Preamble:
I know next to nothing about running servers, PHP, LAMP, and many other things rep’ed by acronyms.
I do love Twitter tho and I do love the promise of Tweet Nest. If you don’t know what Tweet Nest is, go check it out and then come back here if you’ve got a mac and you’d rather run it locally than on a server. I tried servers first, two different ones with two different hosts and never had any luck. I trust you’ve not forgotten about the first sentence in this article.
Brass Tacks:
Get your Local Server Running:
- Go get yourself a copy of MAMP. This bad boy lets you run mySQL PHP and APACHE locally on a mac. All that good stuff that you need to run a PHP server… so my limited understanding goes.
- Install MAMP as per its instructions. i.e. drag the non-pro version into your applications folder (must be there, don’t argue).
- Open the MAMP app. Or, if you’re especially cool, just open the file “Mamp Control.wdgt” and get handy start/stop access to MAMP from your OS X Dashboard.

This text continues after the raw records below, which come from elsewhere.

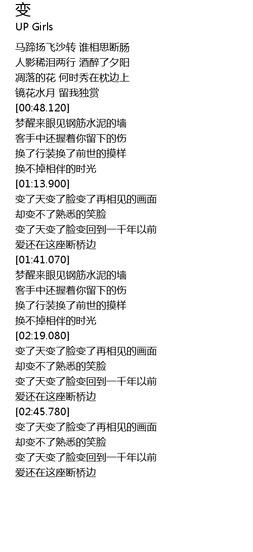 | [02:48.230] | biàn le tiān biàn le liǎn biàn le zài xiāng jiàn de huà miàn |
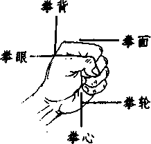 1.拳:四指并拢卷握,拇指紧扣食指和中指的第二指节(图 一)。
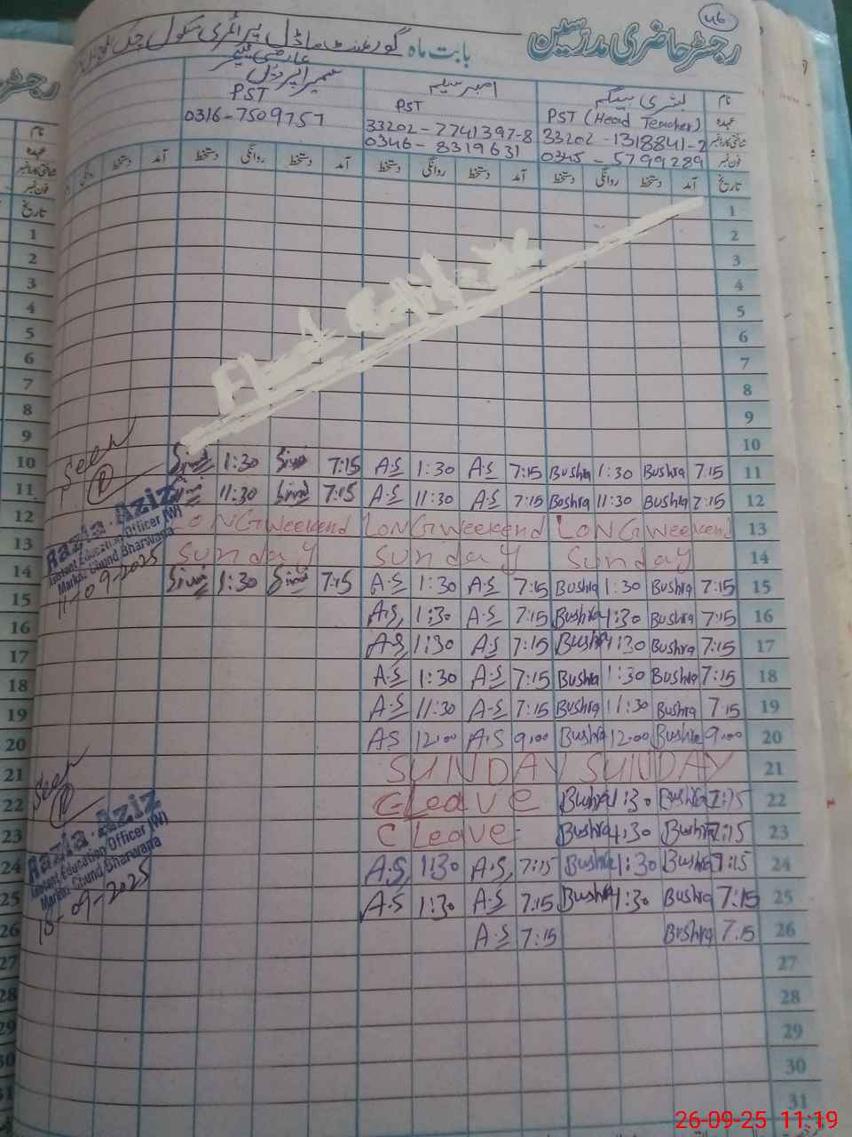 | Name: Bu**** Be**** Designation: (School Headmaster's/Headmistress's) PST Phone/Cell Number: 03**** |
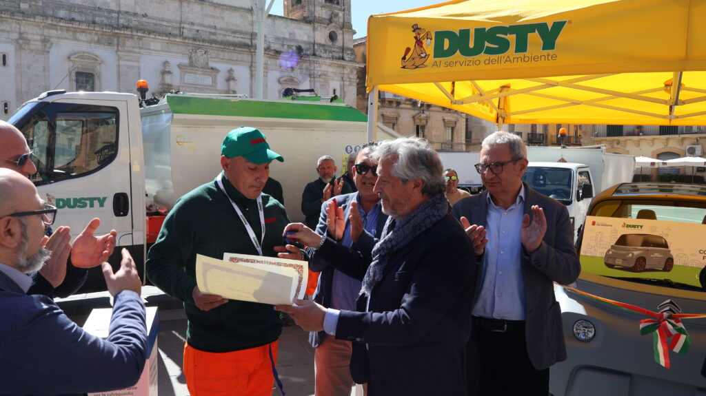 Oltre alla consegna ufficiale del primo premio, un ulteriore e inatteso momento si è aggiunto alla cerimonia di rito. Il Sindaco, infatti, di concerto con il dirigente della sezione II del Comune, Ing. Giuseppe Tomasella, ha conferito un encomio a Luca Macaluso, operatore ecologico Dusty che, insieme a tanti altri colleghi, contribuisce con grande dedizione a mantenere pulite le strade della città.
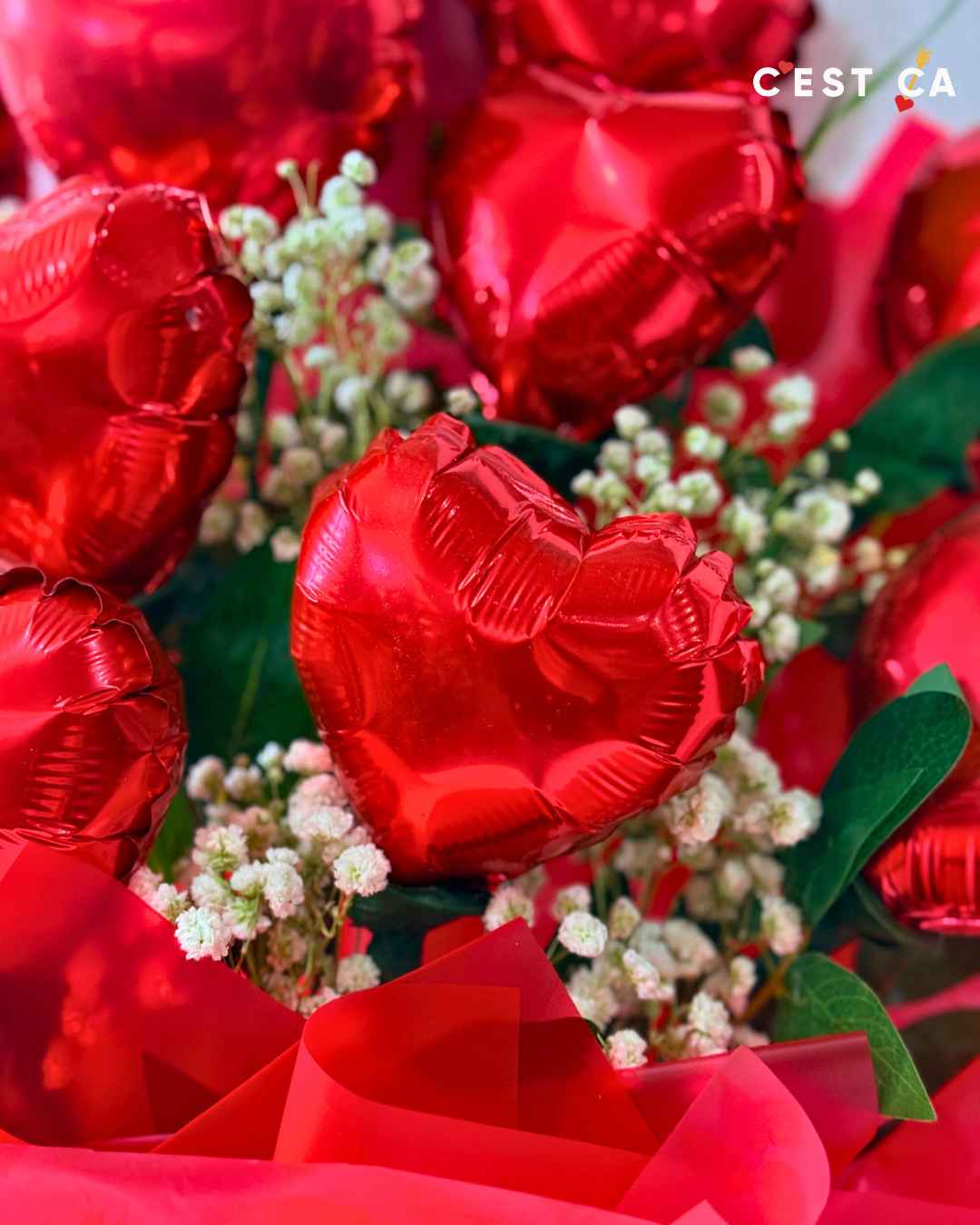 A delightful mix of fresh red roses and Valentine’s heart balloons, designed to make your I love you unforgettable.
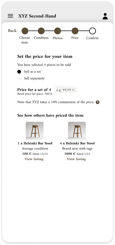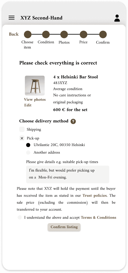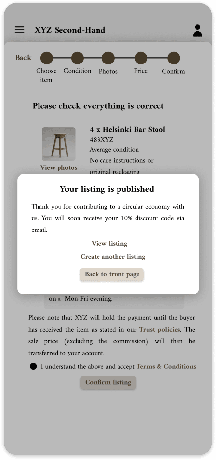 The final design focuses on usability and lowering barriers to entry for sellers by making the listing process quick, clear, and accessible. Trust-building elements and transparent communication address common concerns around second-hand transactions. Together, these decisions support increased engagement and create a cohesive experience aligned with XYZ’s brand and sustainability objectives.

- Click “Start Servers” The servers have got to be a’running if you want your local/web app to work. Read: not just installing but to work. This can be done either through the widget or the app itself.

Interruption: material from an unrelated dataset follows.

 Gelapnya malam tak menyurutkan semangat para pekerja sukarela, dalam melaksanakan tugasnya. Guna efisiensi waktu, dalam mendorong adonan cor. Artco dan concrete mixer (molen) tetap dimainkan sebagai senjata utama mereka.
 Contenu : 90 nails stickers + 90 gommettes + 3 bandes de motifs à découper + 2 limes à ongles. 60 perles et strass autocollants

- Navigate to http://localhost:8888/MAMP/ Hurrah! you did it!
STUCK? try this 10 min MAMP screen cast from CSS-Tricks.
Create the Database that Tweet Nest will use:
- Navigate to http://localhost:8888/phpMyAdmin/ or click the link found on http://localhost:8888/MAMP/ following the text that says “The MySQL Database can be administrated with phpMyAdmin.”

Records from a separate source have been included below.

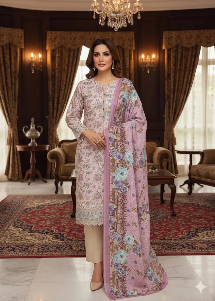 PERSIAN WOOL WINTER PRINTED 3PC SUIT (Pink Shawl)
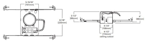 HaloRecessed 4" aperture ultra-shallow new construction housing for use with LED integrated trims. Suitable for 2x4 residential framing or shallow plen...
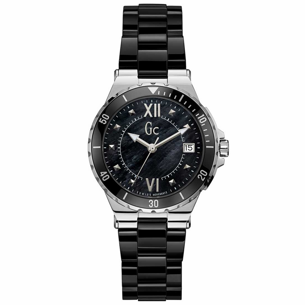 Stainless steel case with a black ceramic bracelet. Uni-directional rotating stainless steel bezel with an inlaid black ceramic ring. Black mother of pearl dial with luminous silver-tone hands and pyramid hour markers. Roman numerals appear at the 6 and 12 o'clock positions. Minute markers around the outer rim. Dial Type: Analog. Luminescent hands. Date display at the 3 o'clock position. Quartz movement. Scratch resistant mineral crystal. Pull / push crown. Solid case back. Round case shape. Case size: 36 mm. Case thickness: 9 mm. Fold over clasp with a push button release. Water resistant at 100 meters / 330 feet. Functions: date, hour, minute, second. Structura Lady Series. Sport watch style. Watch label: Swiss Made. Guess Structura Lady Quartz Black Mother of Pearl Dial Watch Y42002L2.
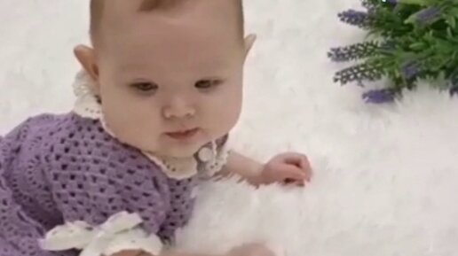 Моя внучка в моих вязаных одежках. Эвелине 5 месяцев. Новый год.
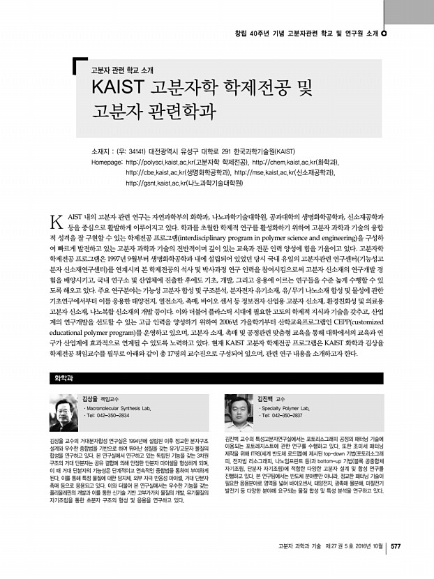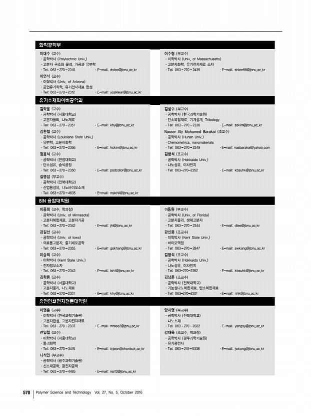 ..., 나노재료 ·Tel063-270-2351 ·E-mailkhy@jbnu.ac.kr 김환철 교수 ·공학박사 Louisiana State Univ. ·유변학, 고분자화학 ·Tel063-270-2356 ·E-mailhckim@jbnu.ac.kr 정용식 교수 ·공학박사 한양대학교 ·탄소섬유, 습식공정 ·Tel063-270-2350 ·E-mailpsdcolor@jbnu.ac.kr 길명섭 부교수 ·공학박사 전북대학교 ·산업용섬유, 나노바이오소재 ·Tel063-270-4635 ·E-mailmskhil@jbnu.ac.kr 김성수 부교수 ·공학박사 한국과학기술원 ·탄소복합재료, 기계설계, Tribology ·Tel063-270-2336 ·E-mailsskim@jbnu.ac.kr Nasser Aly Mohamed Barakat 조교수 ·공학박사 Hunan Univ. ·Chemometrics, nanomaterials ·Tel063-270-2349 ·E-mailnasbarakat@yahoo.com 김병석 조교수 ·공학박사 Hokkaido Univ. ·나노섬유, 이차전지 ·Tel063-270-2352 ·E-mailkbsuhk@jbnu.ac.kr BIN 융합대학원 이중희 교수, 학과장 ·공학박사 Univ. of Minnesota ·고분자복합재료, 고분자가공 ...
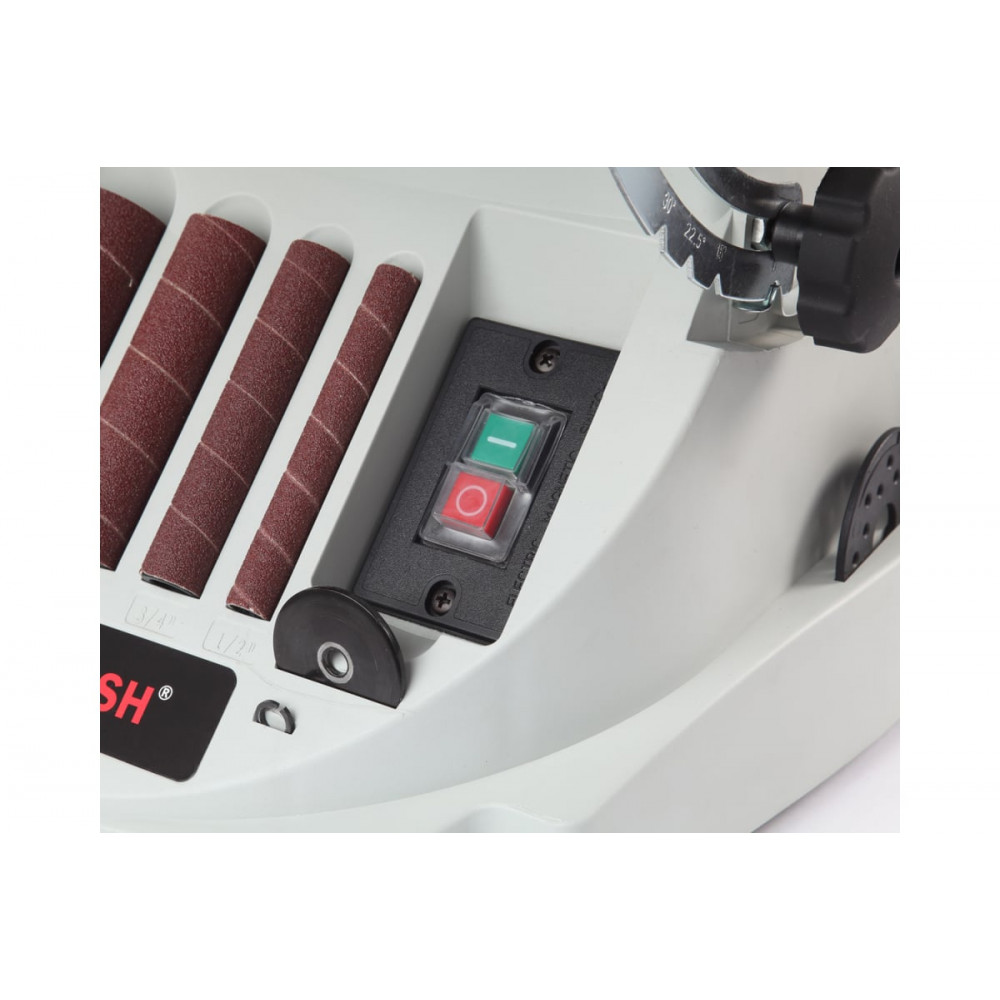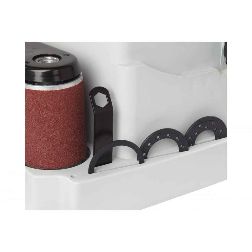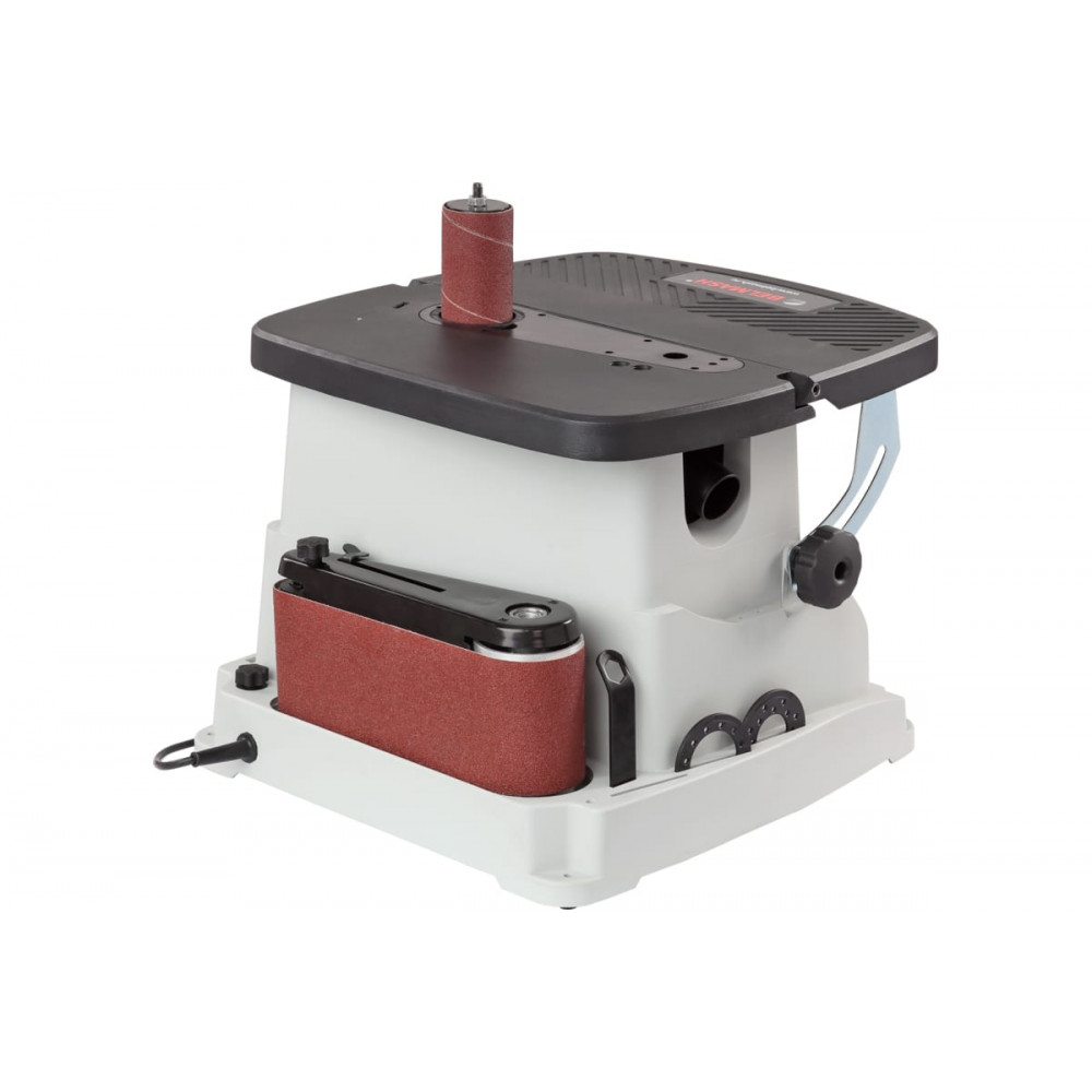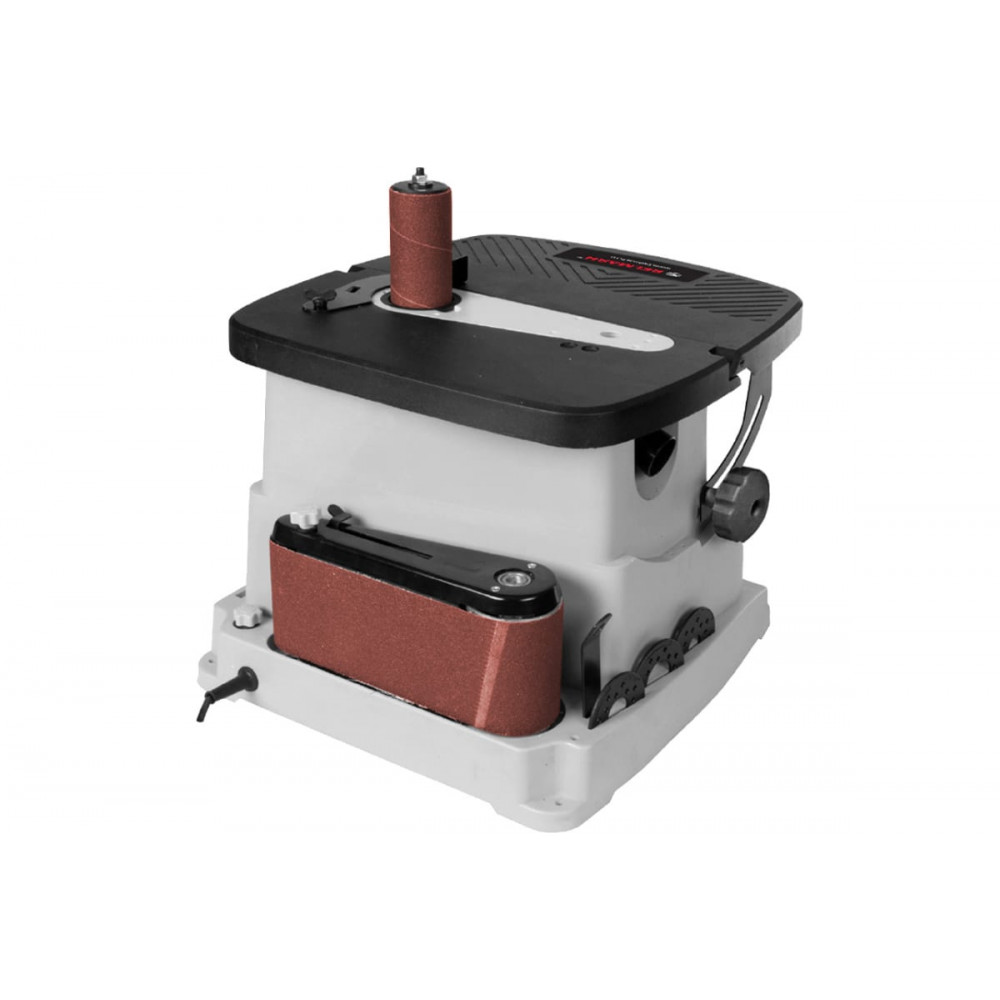 Ленточный узел имеет два обводных ролика разного диаметра, вокруг которых можно работать с вогнутыми поверхностями и прямой участок с металлической подложкой для плоских деталей из дерева.

- Click the “Databases” tab.
- “Create a New Database” using the field named… you guessed it “create a new database”. No spaces.
- Write this name down and put it aside, you’ll need it later.
Get your Tweet Nest On:
- Go get yourself a copy of Tweet Nest. You know the drill.
- Drop your Tweet Nest files into the folder “htdocs” found inside your shiny new “MAMP” folder (inside applications… don’t argue). NOTE: if you’d like to track multiple twitter accounts, then create a subfolder inside the “htdocs” folder, named as you damn well please.
- Don’t Argue.
- As per the Tweet Nest installation instructions (found on the Tweet Nest home page), ”included are two so-called
.htaccessfiles, one directly in the folder and one in themaintenancefolder. If you don’t see those on your server after uploading, you need to rename theRENAME-ME.htaccessfiles in these two places to.htaccesseach.” This is a pain in the ass. OS X (finder) doesn’t let you do it. If you have Transmit it will let you do this. Otherwise, don’t do this, it’s the wrong solution. Instead, Google the OS X error you get when trying to rename .htaccess files and go from there. - Navigate to http://localhost:8888/ If you got tricky in step #2 add your subfolder name after the url.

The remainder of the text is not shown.